**ASSIGNED TASK**
Drop the images, then output the listing exactly.

**SUPPLIED MATERIAL**
<<<<

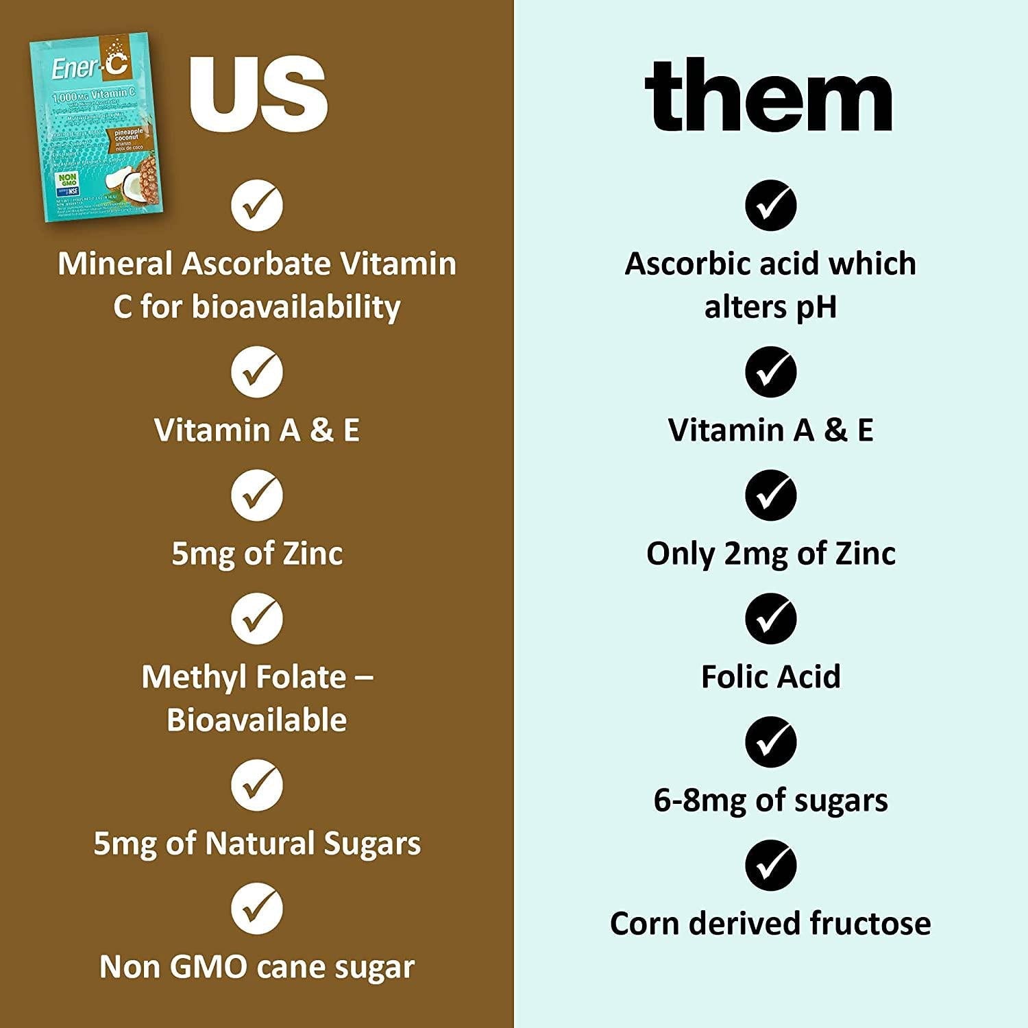 - HEALTH AND ENERGY BOOST: Ener-C Multivitamin Drink Mix is your natural supplement for health and energy boost. The Ener-C has a naturally refreshing taste and is a caffeine-free,low sugar drink. Ener-C contains electrolytes which helps you hydrate,replenish and provides support to maintain and boost your immune system and thyroid support, antioxidants, and so much more!
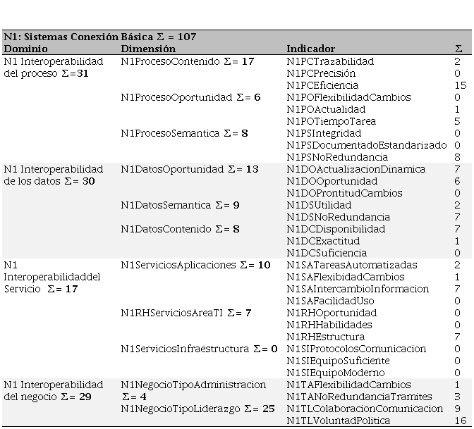 El nivel 1 se refiere a una interoperabilidad básica, el análisis a nivel dominio/dimensión/indicador con incidencias mayores a 5 se detalla a continuación:
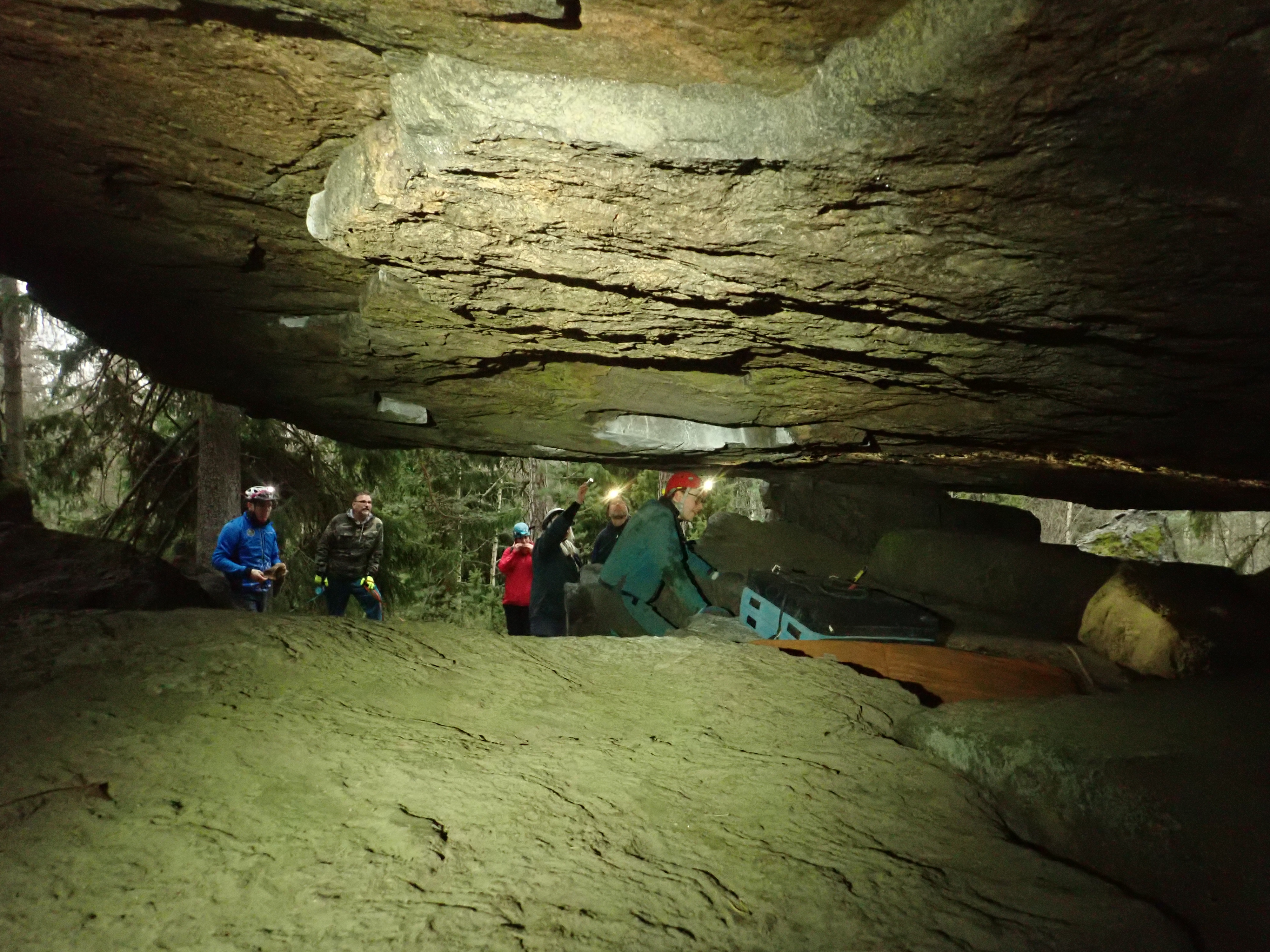Jouni had organized a tour of the Löpärö island in Sipoo for us, with the local guide Jukka showing us the cave locations. I think all of us were expecting a nice walk but small caves. But we were really impressed by what we found! Just take a look at these photos by Jarmo Ruuth! (Also some by Jari or Elena.)

>>>>

**EXERCISE SOLUTION**
 - HEALTH AND ENERGY BOOST: Ener-C Multivitamin Drink Mix is your natural supplement for health and energy boost. The Ener-C has a naturally refreshing taste and is a caffeine-free,low sugar drink. Ener-C contains electrolytes which helps you hydrate,replenish and provides support to maintain and boost your immune system and thyroid support, antioxidants, and so much more!
 El nivel 1 se refiere a una interoperabilidad básica, el análisis a nivel dominio/dimensión/indicador con incidencias mayores a 5 se detalla a continuación:
Jouni had organized a tour of the Löpärö island in Sipoo for us, with the local guide Jukka showing us the cave locations. I think all of us were expecting a nice walk but small caves. But we were really impressed by what we found! Just take a look at these photos by Jarmo Ruuth! (Also some by Jari or Elena.)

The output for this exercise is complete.